The Federal Communications Commission (FCC) undertook a two-year process of technical evaluation to develop the rules for the C-band, working closely with stakeholders from mobile, satellite, aviation, safety, federal regulatory, and other domains. In addition to regulations on power levels, interference, and other requirements, the FCC required a 200 MHz guard band between proposed 5G operations at 3.7-3.98 MHz guard band to shield transmissions from altimeters which operate at 4-0-4.2 MHz, twice what aviation industry requested (and which exacts an enormous social cost of funds which could otherwise go to the Treasury). Moreover, the FCC defined a phased rollout, first at 3.7 MHz to allow additional testing and only then at 3.8 MHz, effectively a 400 MHz guard band for the rollout. As such, it was entirely defendable in March 2020 that the FCC declared that there was no safety risk for altimeters from 5G operations.

The FAA knew about 5G for years but avoided making altimeter safety requirements for fear of upsetting its captive aviation trade associations which wanted to avoid the burden and cost of new equipment. The altimeter industry itself opted not to professionalize by developing international technical standards.
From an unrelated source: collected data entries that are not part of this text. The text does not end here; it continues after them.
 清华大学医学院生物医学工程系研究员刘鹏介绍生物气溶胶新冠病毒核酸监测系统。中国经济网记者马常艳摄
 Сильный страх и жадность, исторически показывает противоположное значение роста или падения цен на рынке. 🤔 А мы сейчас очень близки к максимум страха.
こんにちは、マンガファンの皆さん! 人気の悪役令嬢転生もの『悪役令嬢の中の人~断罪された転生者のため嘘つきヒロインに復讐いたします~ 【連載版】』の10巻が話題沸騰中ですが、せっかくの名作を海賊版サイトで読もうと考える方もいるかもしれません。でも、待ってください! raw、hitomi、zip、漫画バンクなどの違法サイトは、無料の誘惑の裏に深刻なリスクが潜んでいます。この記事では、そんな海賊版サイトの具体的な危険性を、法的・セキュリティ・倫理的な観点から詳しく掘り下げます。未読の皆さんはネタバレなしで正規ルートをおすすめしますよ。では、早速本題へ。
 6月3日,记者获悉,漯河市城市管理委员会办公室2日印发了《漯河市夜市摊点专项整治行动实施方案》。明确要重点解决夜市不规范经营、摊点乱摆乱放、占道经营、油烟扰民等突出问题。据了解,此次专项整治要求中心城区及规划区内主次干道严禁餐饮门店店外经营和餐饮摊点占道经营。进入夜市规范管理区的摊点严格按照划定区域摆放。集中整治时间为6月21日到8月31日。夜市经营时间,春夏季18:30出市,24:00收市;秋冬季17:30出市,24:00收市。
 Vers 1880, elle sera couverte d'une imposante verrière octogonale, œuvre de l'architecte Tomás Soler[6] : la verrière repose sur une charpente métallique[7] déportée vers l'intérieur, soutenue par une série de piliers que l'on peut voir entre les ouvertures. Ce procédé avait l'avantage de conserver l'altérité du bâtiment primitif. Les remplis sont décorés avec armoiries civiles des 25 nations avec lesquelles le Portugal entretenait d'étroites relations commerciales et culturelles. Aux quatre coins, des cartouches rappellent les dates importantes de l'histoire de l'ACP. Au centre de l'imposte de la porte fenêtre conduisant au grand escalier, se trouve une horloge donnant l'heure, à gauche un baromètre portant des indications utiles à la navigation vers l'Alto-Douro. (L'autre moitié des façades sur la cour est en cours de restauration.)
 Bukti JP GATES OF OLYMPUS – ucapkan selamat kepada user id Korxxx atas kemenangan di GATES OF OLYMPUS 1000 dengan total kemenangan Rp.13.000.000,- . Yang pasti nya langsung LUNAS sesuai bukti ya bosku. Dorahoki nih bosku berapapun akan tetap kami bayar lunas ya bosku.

It appeared that the FAA pressure was a means to shakedown mobile operators in the hopes for a payout to upgrade obsolete altimeters sitting in aging planes and helicopters.
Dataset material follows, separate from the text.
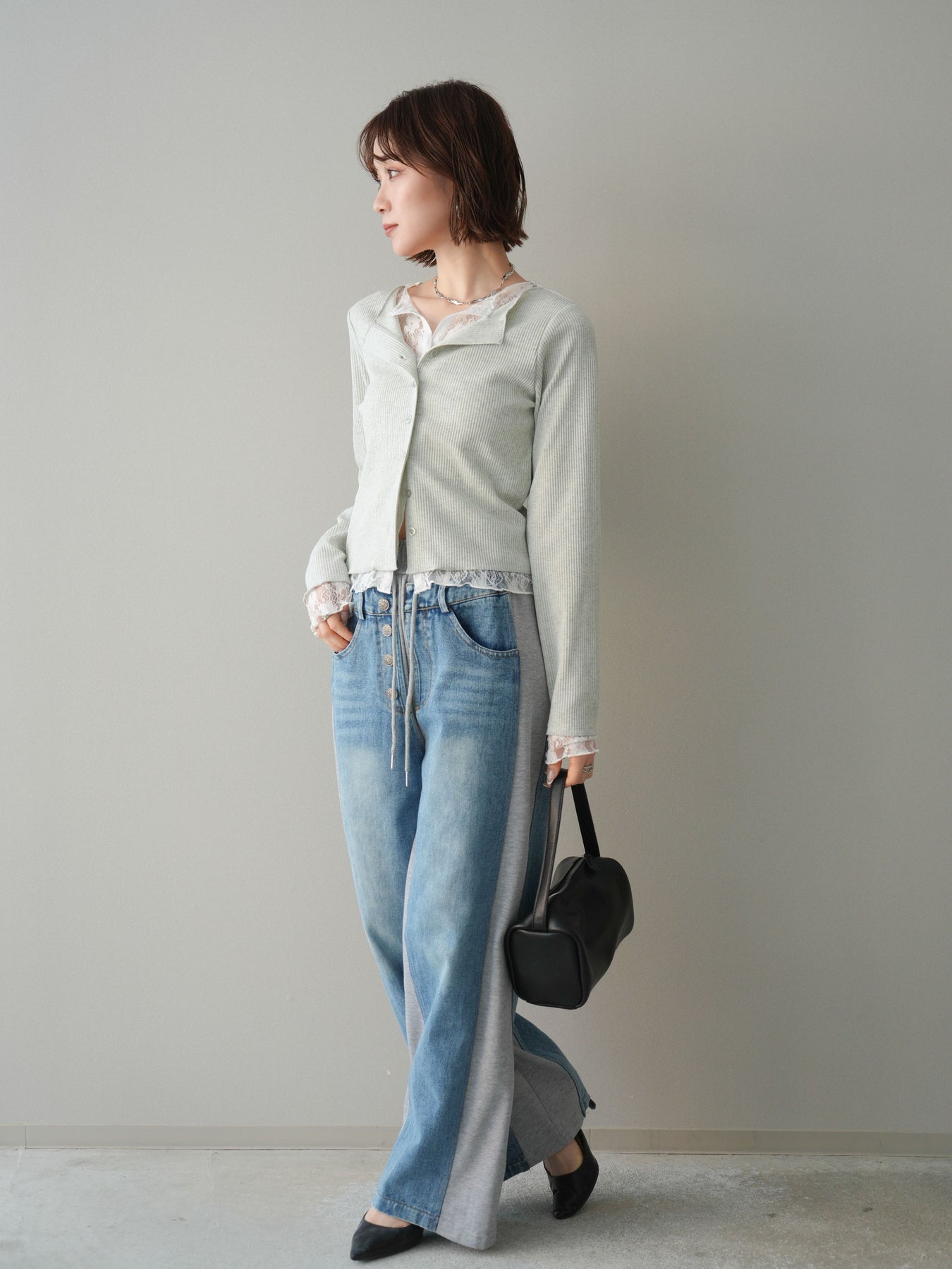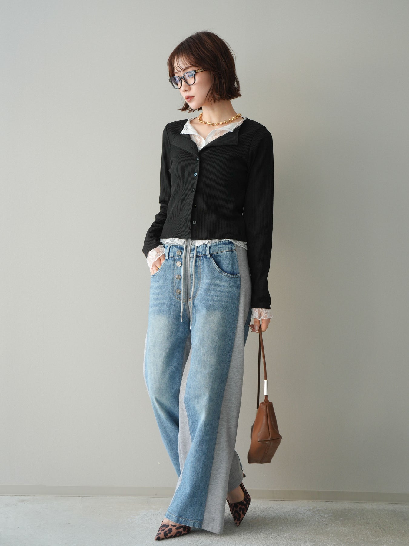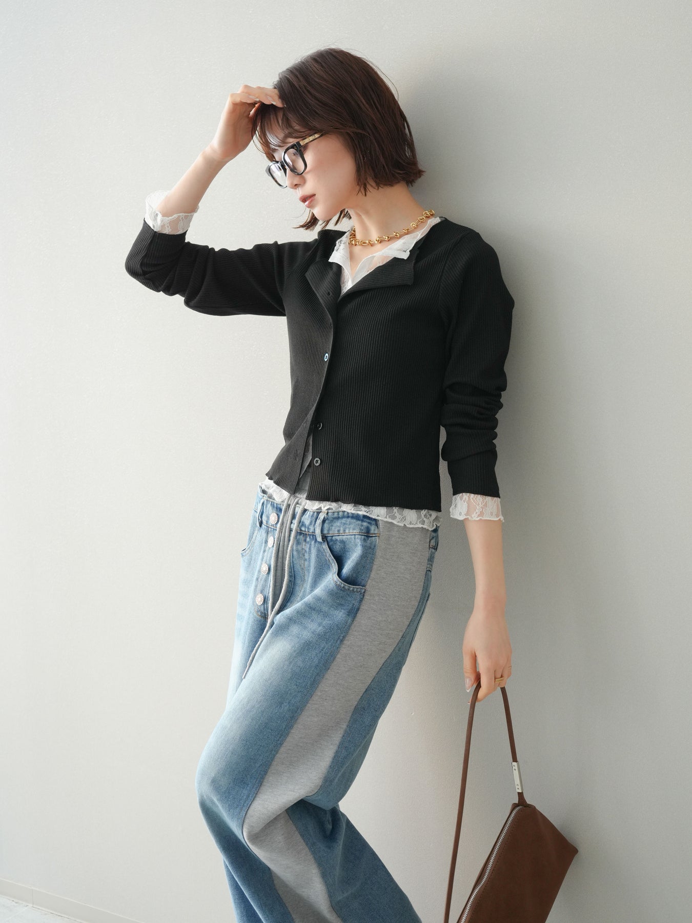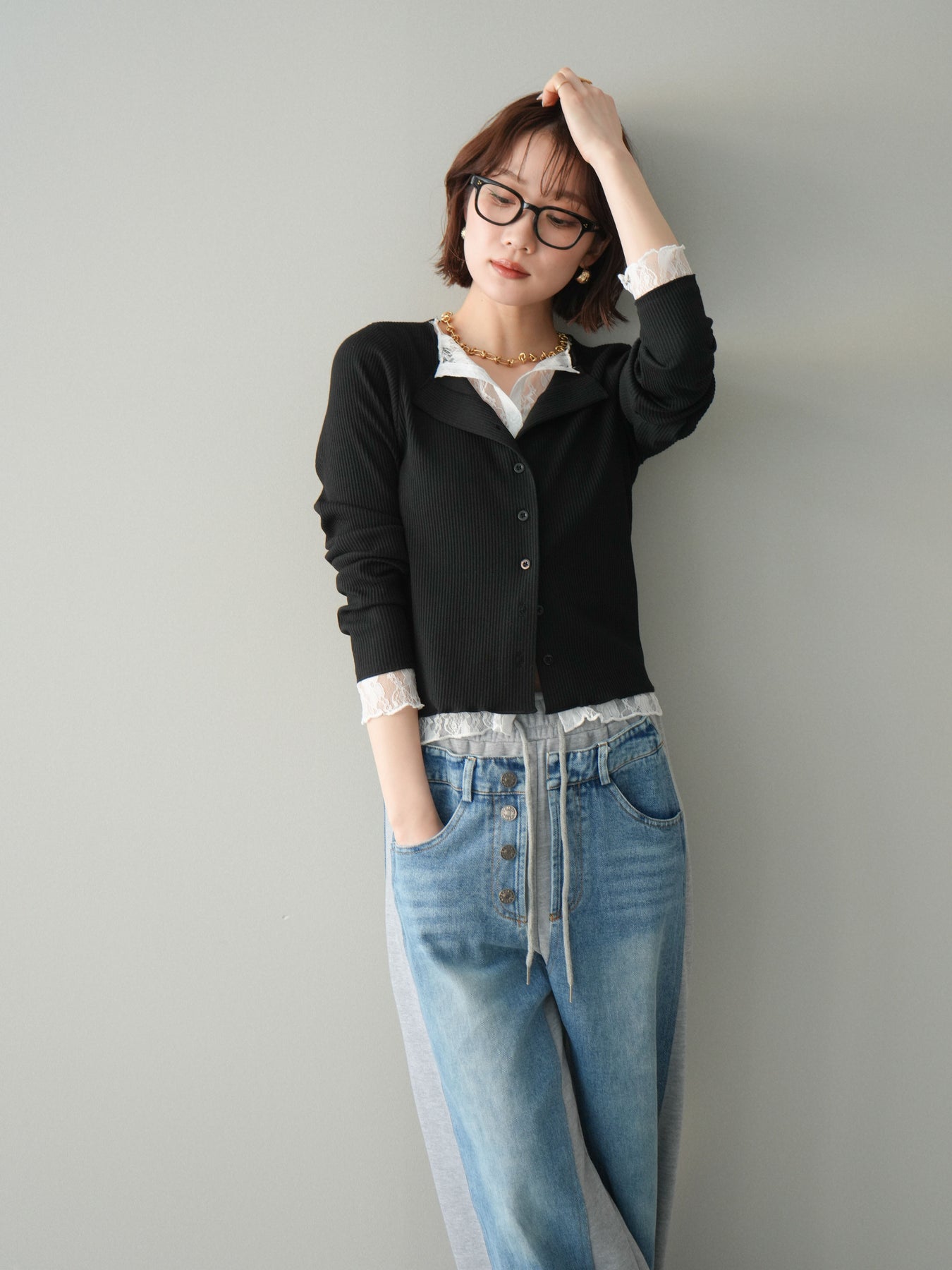 [SET]レースドッキングテレコリブカーディガン+デニム切替スウェットパンツ(2set)

Mobile operators drive the solution

Before Thanksgiving, AT&T and Verizon announced extensive voluntary, precautionary mitigation measures to assuage the FAA’s concerns in the and a commitment to launch January 5, 2022. The FAA said, “This is an important and encouraging step…The FAA believes that aviation and 5G C-band wireless service can safely co-exist.”  The operators proposed a series of mitigations for 6 months which go above beyond what any nation requires of its 5G providers and amounts to the world’s most protective environment for altimeters in developed countries. The mitigation includes

1.      Creation of a nationwide skyward power limit to restrict the amount of energy directed toward aircraft in flight

2.      Additional power restrictions around airport runways, taxiways, and gates that will limit energy directed towards altimeters during take-off, landing, and on the ground operation.

3.      Additional power restrictions at helipads to limit 5G emissions during near helicopter landings and other maneuvers.
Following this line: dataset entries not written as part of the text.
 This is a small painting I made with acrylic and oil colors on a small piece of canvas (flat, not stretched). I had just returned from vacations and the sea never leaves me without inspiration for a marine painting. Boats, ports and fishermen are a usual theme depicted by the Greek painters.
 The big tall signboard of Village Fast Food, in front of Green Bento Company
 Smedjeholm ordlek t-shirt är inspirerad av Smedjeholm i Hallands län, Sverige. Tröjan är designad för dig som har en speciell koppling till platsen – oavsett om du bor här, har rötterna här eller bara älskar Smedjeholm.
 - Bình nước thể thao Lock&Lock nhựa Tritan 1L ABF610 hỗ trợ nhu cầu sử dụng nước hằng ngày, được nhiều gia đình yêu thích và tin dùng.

Thus the mobile industry will drive additional real-world data to optimize transmissions and coexistence. Such a study should have been forthcoming from the FAA and the aviation industry, but not only did they submit bogus test results to the FCC, they refused to make the data public for scientific review.

Some Christmas spirit and cooperation

On December 22, CTIA – the wireless industry association, the Aerospace Industries Association, and Airlines for America announced an “ongoing collaboration to find a data-driven solution and deploy 5G while preserving aviation safety. The best technical experts from across both industries will be working collectively to identify a path forward, in coordination with the FAA and FCC.”

Congress and President Biden just concluded the bipartisan infrastructure bill with a $65 billion push for broadband. A White House fact sheet asserts, “Broadband internet is necessary for Americans to do their jobs and increasingly important for small business owners all across America.”  Indeed, national security leaders including 4-start generals urged the White House to resolve the issue, lest the US fall of behind China in 5G network rollout and service development.

Mobile operators, which spent tens of billions to buy spectrum and plan billions more to build networks, should be able to exercise their license rights. Companies make these investments on the premise of a stable regulatory environment. When it became clear that aviation interests would not move, mobile operators proposed a solution. Yesterday’s announcement is a promising step forward toward a final resolution that the aviation industry will accept. Investors should have the confidence that mobile operators will protect their assets from regulatory abuse. Maybe the aviation parties will find some Christmas spirit and cooperate further.